--- TASK DESCRIPTION ---
In the entries below, find the line with "지금도 연기를 뿜는 **미나미다케(南岳)**는" and transcribe it and every line after it exactly, through the last line, without pictures.

--- ENTRIES SUPPLIED ---
BEGIN

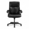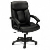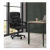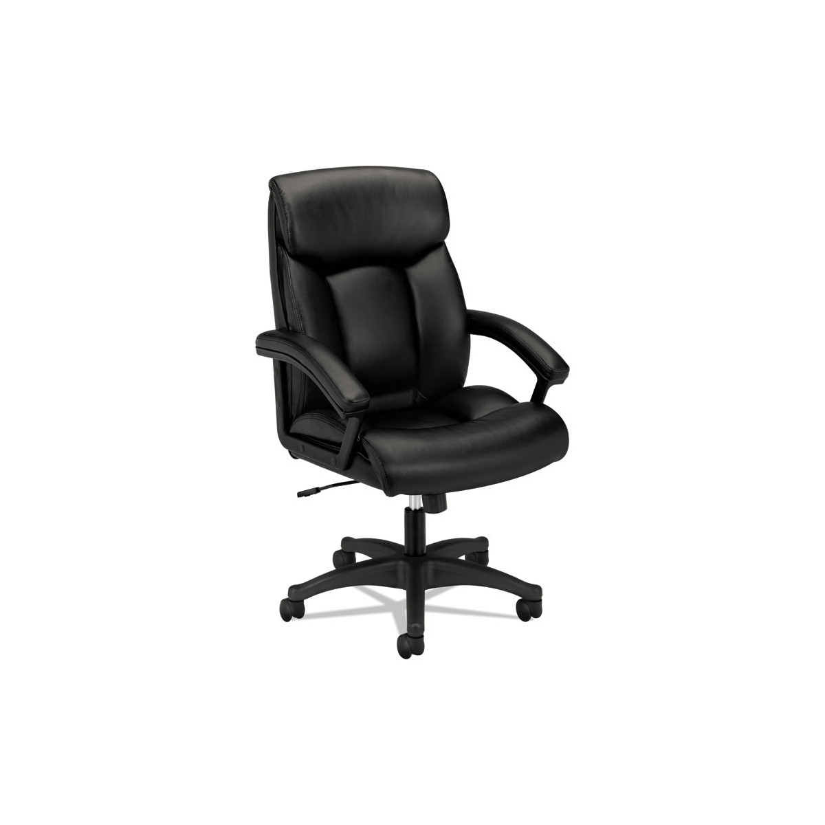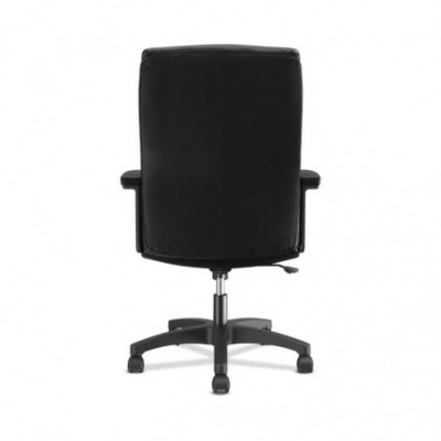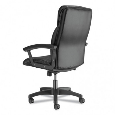 A distinctive and comfortable seating experience. Luxurious black bonded leather upholstery. Plush, overstuffed back and padded loop arms. Five-star base with casters for easy mobility.
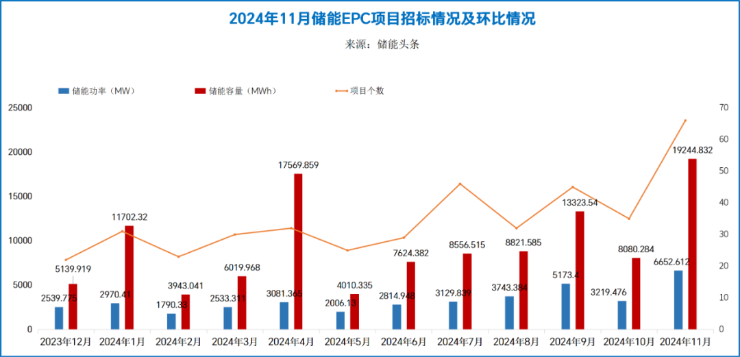 11月份国家能源集团 华电集团、南方电网、国家电投、恒运集团、首航能源集团、中国能建、安彩新能、安平县建投集团、宝武清能、博阳新能源、辰丰能源等业主发布了66个储能epc/pc(含设备)招标项目,招标规模为6652.612mw/19244.832mwh,环比上涨137.6%;
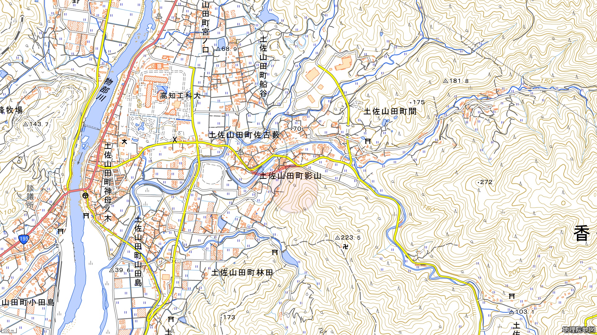 県道22号龍河洞公園線の改修案は下の地図の通り(国土地理院)
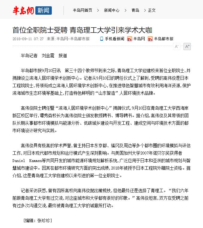 半岛都市报9月10日讯 第三十四个教师节到来之际,Bwin·必赢唯一官方网站迎建校来首位全职院士,并揭牌设立滨海人居环境学术创新中心。记者从9月10日的聘任仪式上了解到,受聘的高伟俊是日本工程院院士,将领衔成立滨海人居环境学术创新中心,在推进绿色智慧城市有效利用海洋资源,保护滨海城市生态环境等基础上,打造特色鲜明的“山东智造”人居环境技术品牌。
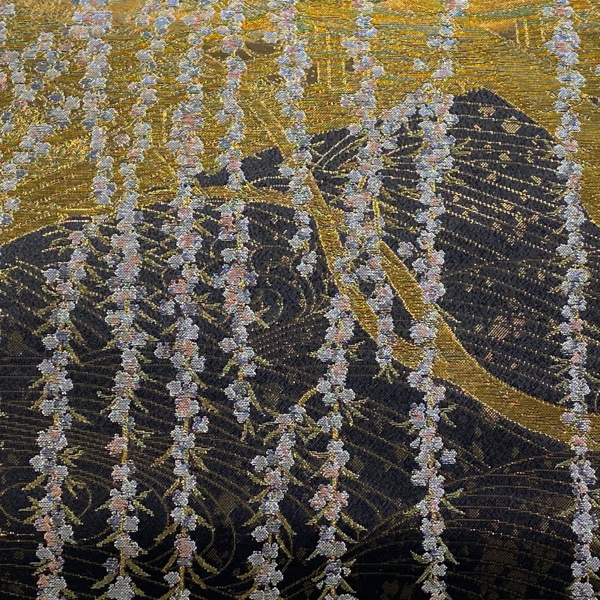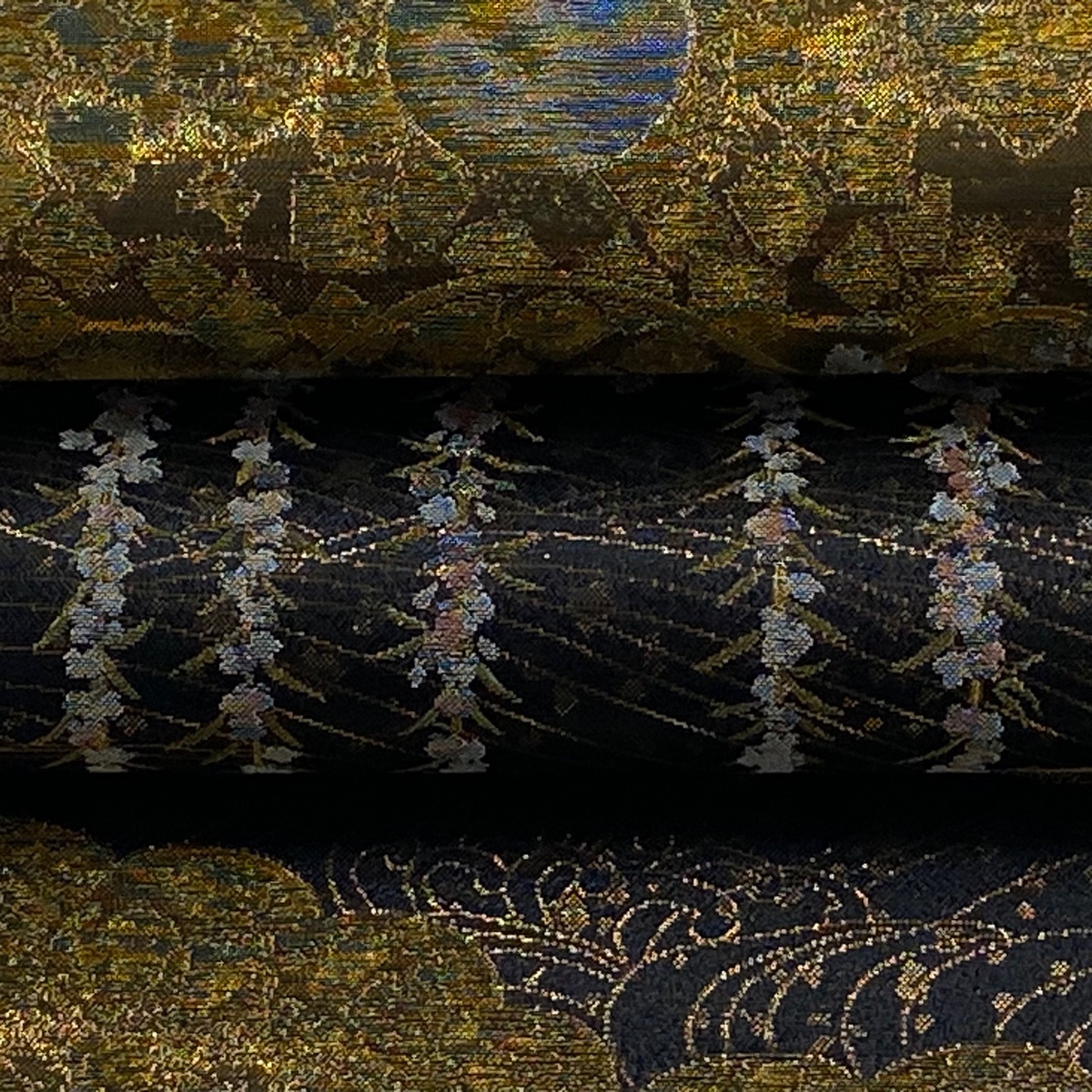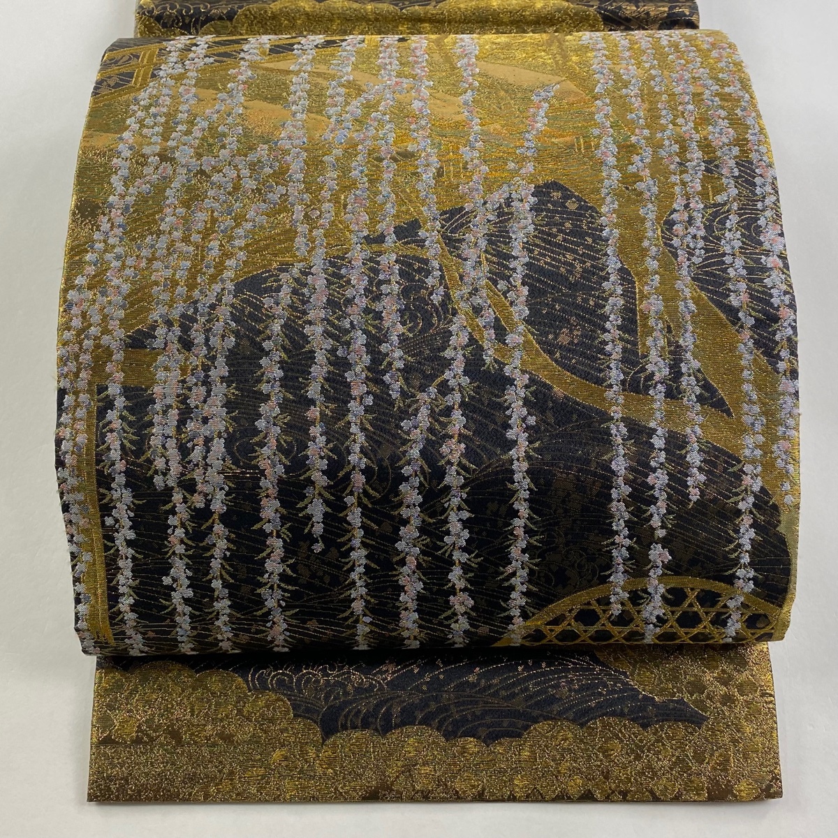 丸帯 美品 逸品 桃山百双屏風文 橋 金糸 箔 墨色 お太鼓柄 正絹 【中古】 |
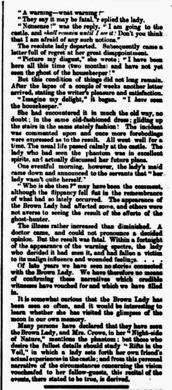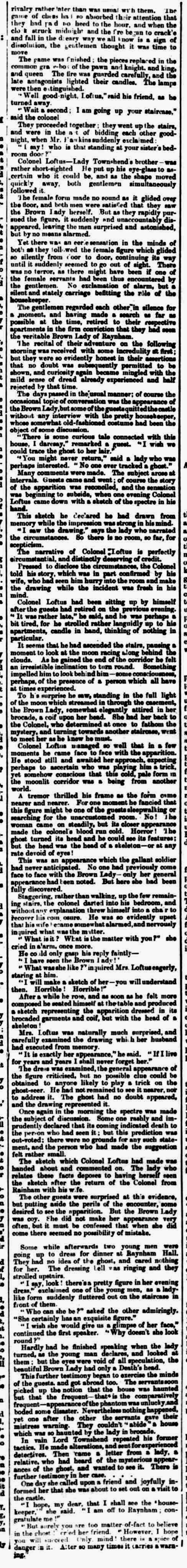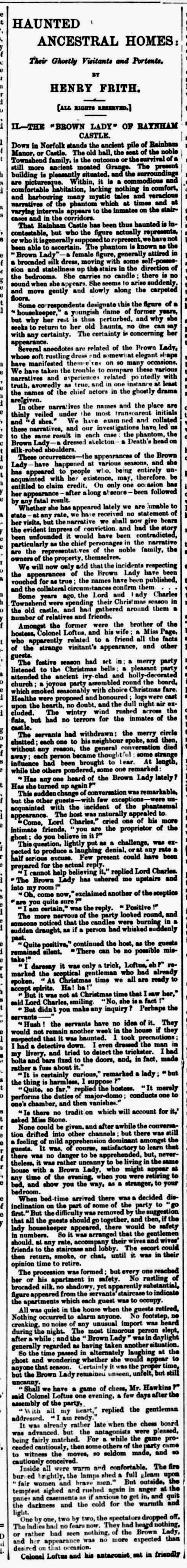 Frith’s references are to Catherine Crowe’s chapter on haunted houses in Volume 2 of The Night Side of Nature; Or, Ghosts and Ghost Seers (T.C. Newby, 1848) pp. 73-74 and to Lucia C. Stone’s “The Brown Lady of Rainham,” found in Rifts in the Veil: A Collection of Inspirational Poems and Essays Given Through Various Forms of Mediumship (W.H. Harrison, 1878) pp. 97-98.
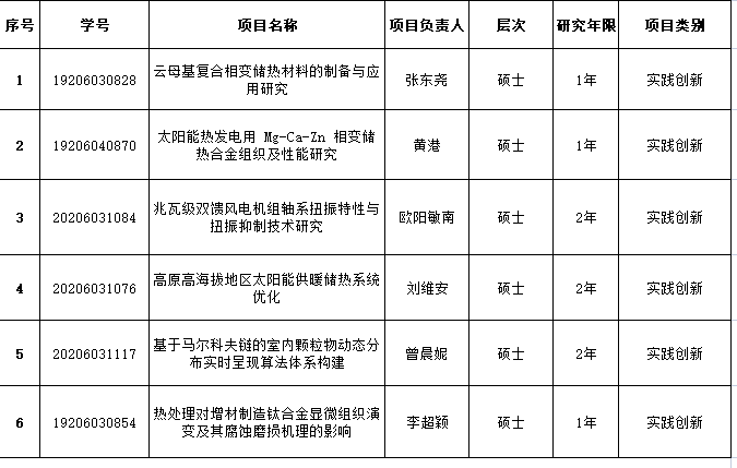 根据《william威廉中文官网研究生专业学位研究生“实践创新与创业能力提升计划”实施细则》(长理工大[2020]24号)文件精神,经个人申报,学院组织专家评审,拟推荐“云母基复合相变储热材料的制备与应用研究”等6项研究生科研创新项目参加学校评审。具体名单如下:
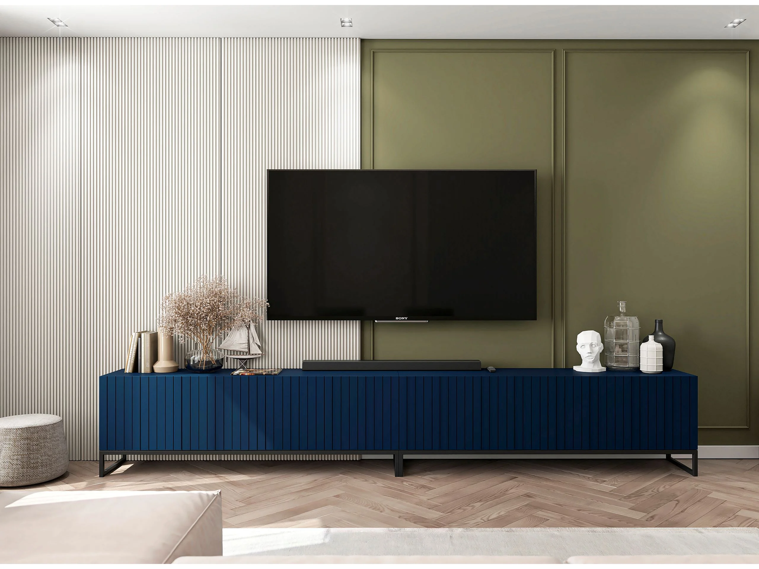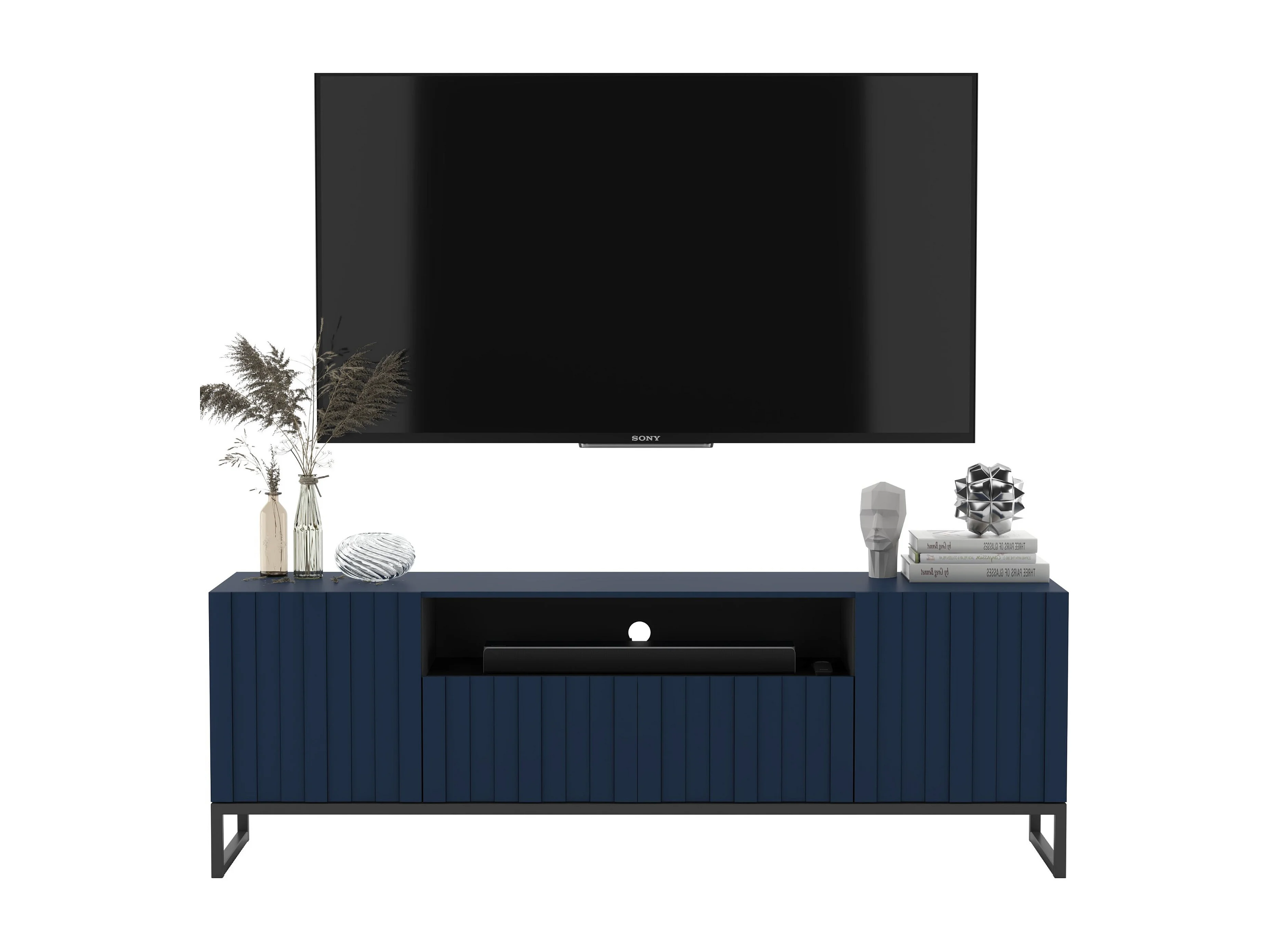 Meuble TV avec 3 portes et niche - Corps Bleu Marine mat, façades rainurées Bleu Marine mat - 150 cm, Cadre en métal noir
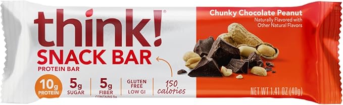 think! Protein Bars with Chicory Root for Fiber, Digestive Support, Gluten Free with Whey Protein Isolate, Chunky Chocolate Peanut, Snack Bars without Artificial Sweeteners, 1.4 Oz (10 Count)
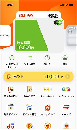au PAYは、会員数が約2830万で、481万カ所のポイント・決済加盟店で利用可能。実店舗でのQRやバーコード決済、請求書払い、ネットショッピングのオンライン決済に対応する。Suica、は自動改札機にタッチするだけで通過でき、全国10の交通系ICカードとの相互利用が可能。モバイルSuicaは定期券やSuicaグリーン券をスマホで購入できる。
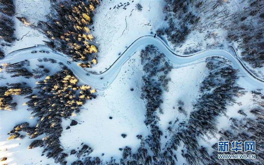 这是新疆喀纳斯景区风光(1月1日无人机拍摄)。 新华社记者 赵戈 摄
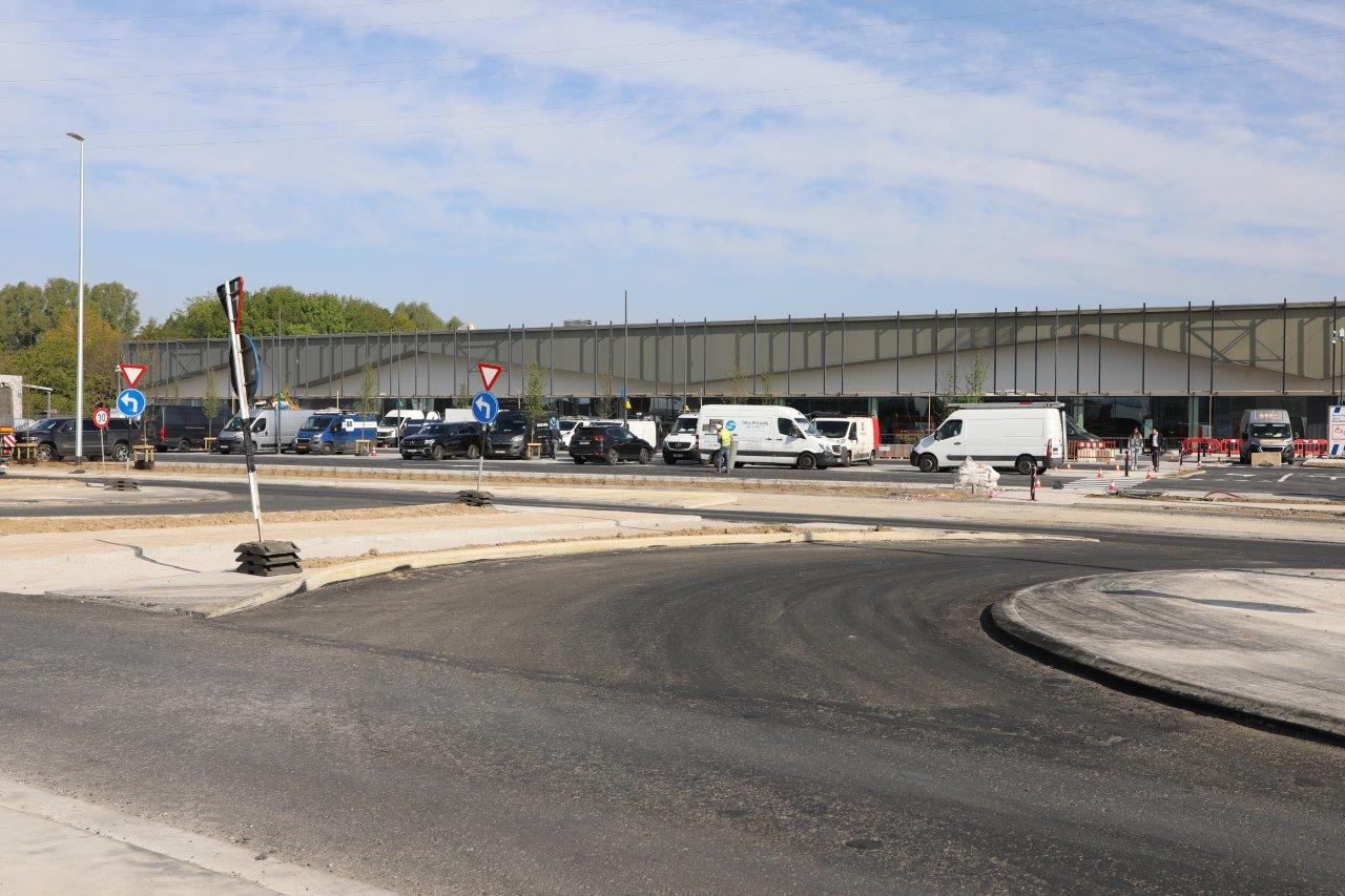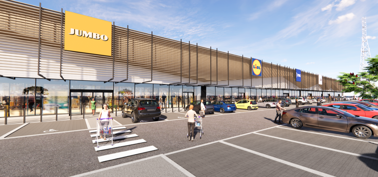 De ruwbouw, de parking en de beplanting zijn reeds afgewerkt. Momenteel zijn de inrichtingswerken van de verschillende winkelpanden aan de gang. Er zullen 6 winkels zijn gevestigd: de Nederlandse supermarktketen Jumbo, Lidl, Jysk (een Deense keten van meubelen en decoratie), schoenen en kledij Molders, JBC en tuinmeubelen Exterioo.
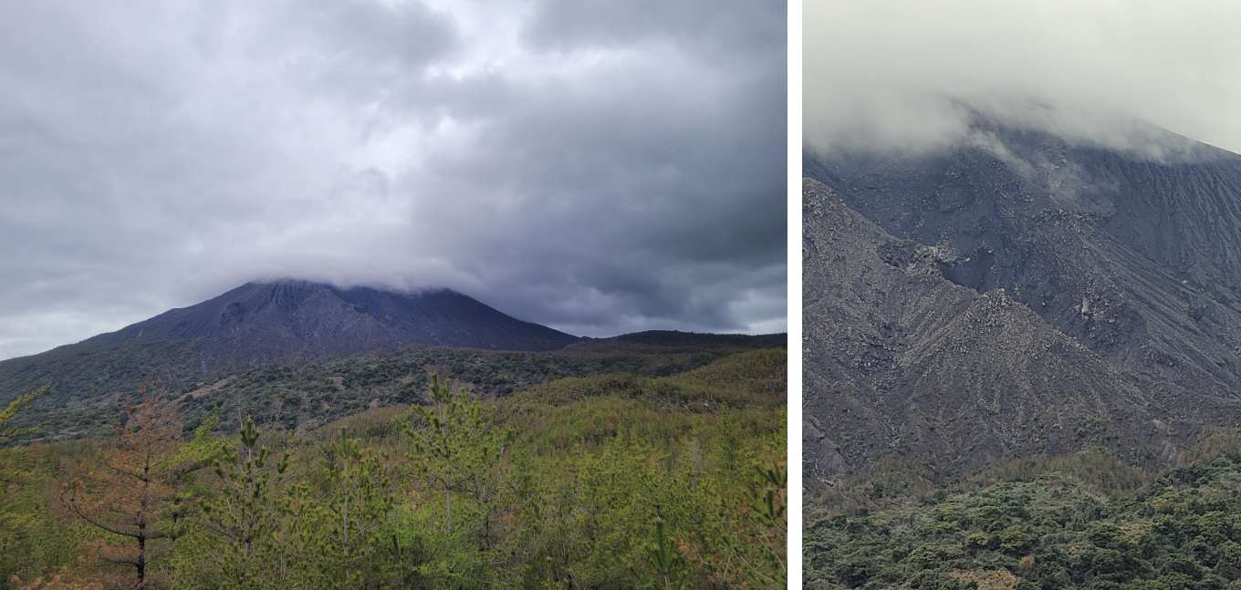 지금도 연기를 뿜는 **미나미다케(南岳)**는 주위가 시커멓고 높이 솟아 하늘을 찌를 듯한 위용을 뽐내며 사쿠라지마의 상징처럼 서 있어요.
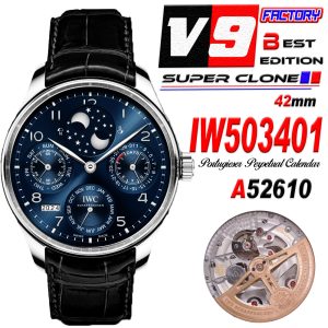Portugieser Perpetual Calendar IW503404 Automatic Men’s Watch Super Clone V9F RG Gray Dial Black Leather Strap A52610

END

--- RESPONSE BOX ---
 지금도 연기를 뿜는 **미나미다케(南岳)**는 주위가 시커멓고 높이 솟아 하늘을 찌를 듯한 위용을 뽐내며 사쿠라지마의 상징처럼 서 있어요.
Portugieser Perpetual Calendar IW503404 Automatic Men’s Watch Super Clone V9F RG Gray Dial Black Leather Strap A52610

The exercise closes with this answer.